XII
L'hôtel de la rue des Grès était une de ces vieilles maisons, à l'allure lourde et respectable, comme il n'en reste guère aujourd'hui. On devinait que des générations d'étudiants avaient passé par là, et que sur ce palier plus d'un avait frissonné sous son habit râpé, qui, aujourd'hui, occupait une place parmi les privilégiés de la Faculté; plus d'un s'était hâté, devant la loge du concierge, craignant une réclamation, qui, aujourd'hui, comptait les revenus d'une clientèle sérieuse; plus d'un enfin était sorti, la tête haute et le front étincelant d'espérance, qui était mort dans quelque coin, rongeant sa dernière désillusion avec son dernier morceau de pain.
Au résumé, maison mal tenue, d'apparence morne et grognon. Sa façade semblait dire: Je suis ce que je suis. Qui ne veut de moi peut passer.
C'était là qu'avaient demeuré Beaujon et Defodon. Je m'enquis auprès de la propriétaire qui occupait le bureau. Elle m'indiqua la chambre. J'y montai rapidement, par un vieil escalier, large et solide, à rampe fièrement campée, à balustrade massive, surchargée de poussière, où mes doigts témoignèrent par écrit qu'on n'avait guère épousseté.
Je frappai à une lourde porte, qui s'ouvrit aussitôt. Maurice était seul. Je regardai autour de moi avec curiosité.

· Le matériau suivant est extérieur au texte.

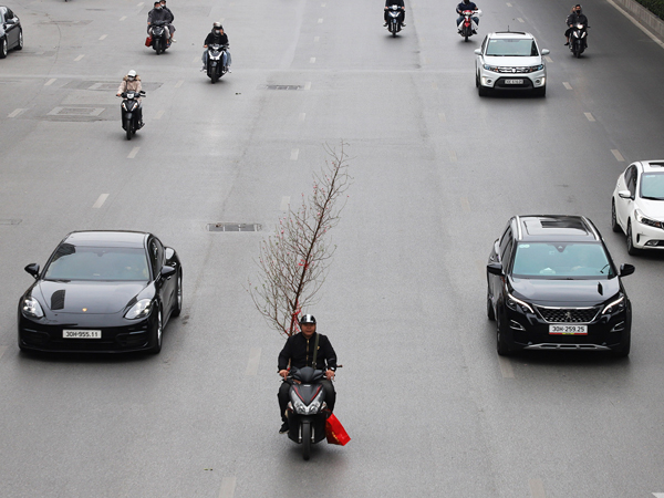 Đường phố Hà Nội vào chiều 30 Tết vắng vẻ khác lạ so với ngày thường, không còn cảnh hàng dài phương tiện ùn ứ hay xe máy phải len lỏi giữa hàng ô tô.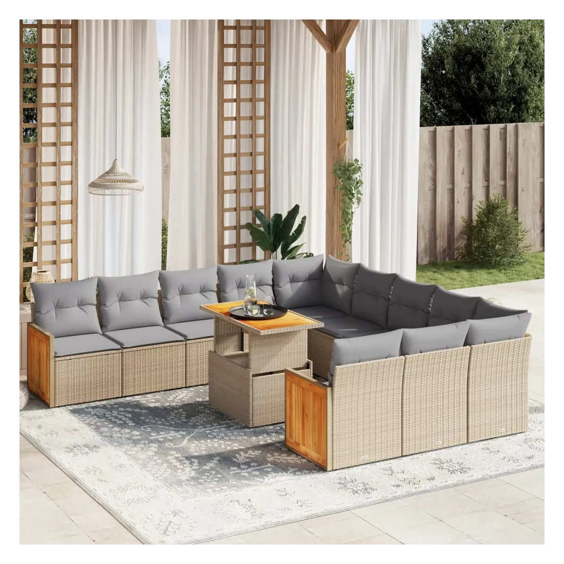 Cet ensemble de canapés de jardin est le complément parfait de votre arrière-cour, terrasse ou patio, offrant un espace confortable et accueillant pour discuter avec la famille et les amis ou simplement se détendre et profiter de l'extérieur. Matériau durable : la résine tressée, également connue sous le nom de poly rotin, est un matériau synthétique solide et nécessitant peu d'entretien qui ressemble au rotin naturel. Il est léger, facile à nettoyer et couramment utilisé pour les meubles d'extérieur en raison de sa durabilité et de ses propriétés de résistance aux intempéries.Dessus de table réglable : le dessus de table peut être soulevé pour rendre la table plus haute, ce qui transforme la table d'extérieur d'une table basse à une table de salle à manger. Elle est parfaite pour recevoir des invités ou prendre des repas à l'extérieur.Housse amovible et lavable : ces coussins de siège sont dotés de housses amovibles pour un lavage et un entretien faciles.Conception modulaire : cet ensemble de meubles d'extérieur a une conception modulaire, ce qui le rend complètement flexible et facile à déplacer, afin que vous puissiez créer un agencement de meubles d'extérieur personnalisé. Bon à savoir :Pour que vos meubles d'extérieur restent beaux, nous vous recommandons de les protéger avec une housse imperméable.

—Voici la chambre, me dit Maurice.
La description qui avait été faite par Beaujon à l'audience était exacte. C'était une grande pièce, d'anciennes construction et disposition, comme toute la maison, une de ces chambres comme on n'en trouve plus qu'au Marais ou dans le faubourg Saint-Germain. Les murs étaient couverts d'un papier autrefois décoré de fleurs, mais aujourd'hui de couleur si ternie, si fanée, que tout disparaissait sous une même teinte grisâtre. Il était déchiré en plusieurs endroits, notamment au-dessus de la plinthe.

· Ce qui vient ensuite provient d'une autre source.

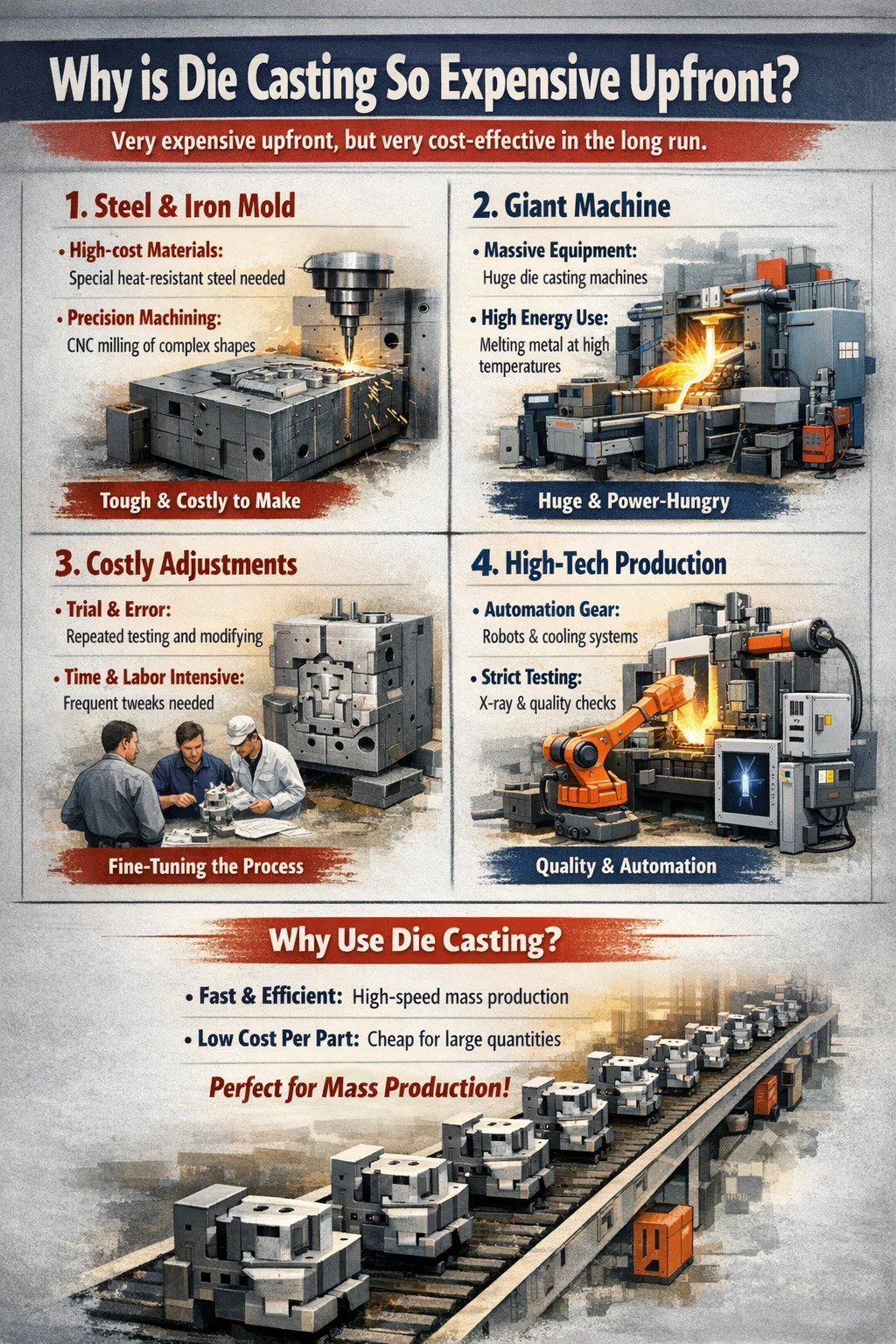 sebenarnya, die casting sememangnya satu proses yang "sangat mahal di hadapan, tetapi sangat kos efektif dalam jangka masa panjang." Kosnya yang tinggi ditunjukkan terutamanya dalam pelaburan awal. Kita boleh memecahkan proses ini:

En entrant on avait à sa droite la fenêtre haute et large ouvrant sur la rue; à sa gauche, occupant presque toute la largeur du panneau, un lit, forme dite bateau. De grands rideaux de calicot blanc, bordés d'une bande de jaconas à fleurs jaunes, pendaient d'une flèche fixée au mur et enveloppaient le lit; trop courts cependant pour toucher le parquet, ils s'arrêtaient à mi-hauteur du bateau. À la tête du lit, un de ces meubles, connus de nos pères sous le nom de servantes, faisait office de table de nuit. En face de la porte, une cheminée surmontée d'une glace faite de deux morceaux, encadrée de bois peint en blanc: dans ce cadre, au-dessus du miroir, les restes d'une vieille peinture qui au temps jadis avait eu la prétention de représenter des amours lutinant une nymphe. Auprès de la cheminée un fauteuil en velours d'Utrecht, forme dite bergère; à terre, devant le lit, une descente de lit coupée dans quelque ancienne tapisserie. En face de la cheminée, c'est-à-dire auprès de la porte d'entrée, un bureau en bois noirci.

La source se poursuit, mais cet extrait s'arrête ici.